Title: The Past, Present, and Future of Electric Power Distribution Systems
Abstract: Electric power distributions systems have evolved from passive systems with one-directional power flow to active systems with multi-directional power flow due to integration of distributed energy resources. The customers of the future are expected to adopt larger deployment of rooftop solar PV generation and higher levels of electric vehicle ownership. Additionally, more storage devices could be installed in distribution systems. The complex nature of the future distribution systems will require leveraging progress in communications, computing, sensors, power electronics, cybertechnologies, and data analytics to operate them as cyber-physical systems for higher reliability, resiliency, efficiency, and flexibility. Continued innovation and integration of these technologies will have unprecedented effects on the system. Further, the customers will be more engaged. There could be real-time prices and market at the distribution level. Implementation of artificial intelligence and advanced machine learning techniques, and advanced power electronics will enhance real-time control and operation of system both in normal and emergency states to improve efficiency and resiliency. This presentation will provide a brief history of power distribution systems followed by some projections for the future power distribution systems supported by examples of recent research to advance the transformation.
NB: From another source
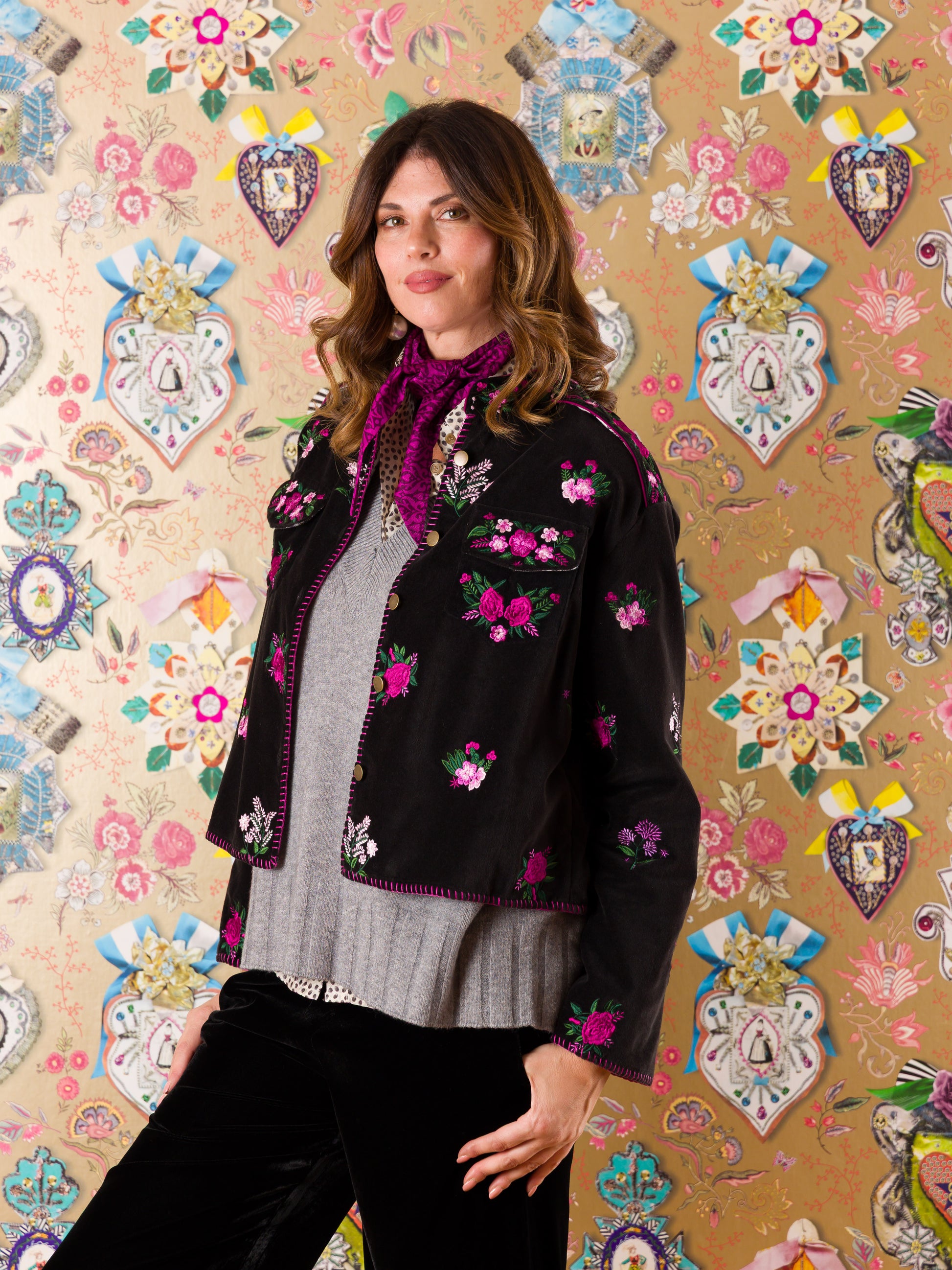 Scopri la Giacca Strasburgo, in cotone leggero arricchita da ricami floreali che sbocciano ovunque. La pistagna definisce la linea, trasformando un semplice capo in un concentrato di allegria e stile spensierato, perfetto per brillare in ogni occasione!

Bio: Anil Pahwa received the B.E. (honors) degree in electrical engineering from Birla Institute of Technology and Science, Pilani, India, in 1975, the M.S. degree in electrical engineering from University of Maine, Orono, in 1979, and the Ph.D. degree in electrical engineering from Texas A&M University, College Station, in 1983. He has been a faculty member in Electrical and Computer Engineering Department at Kansas State University since 1983, where he is currently University Distinguished Professor and holds the Logan-Fetterhoof Chair. The National Academies selected him for the Jefferson Science Fellowship in 2014. He served as a Senior Scientific Advisor in Economic Policy Office of East Asian and Pacific Affairs Bureau of the U.S. Department of State as a part of the fellowship. He served as Program Director for power and energy at the National Science Foundation from 2018 to 2020. He has served in several officer positions in IEEE Power and Energy Society (PES) including chair of Power and Energy Education Committee from 2012 to 2013, and an editor of IEEE Transactions on Power Systems from 2010 to 2015. He has received several awards over his professional career including the IEEE PES Douglas M. Staszesky Distribution Automation Award in 2012, IEEE PES Prize Paper Award in 2013, KSU College of Engineering Distinguished Researcher Award in 2020, and Outstanding Alumni Award from Birla Institute of Technology and Science in 2014. He is a Fellow of IEEE. His research focuses on reliability, automation, and optimization of power distribution systems. His research has provided innovative and practical solutions for application of advanced communication and cyber technologies for automation of electricity distribution to customers and large-scale integration of renewable energy resources in the system. He has published over 250 articles with over 4700 Google Scholar citations.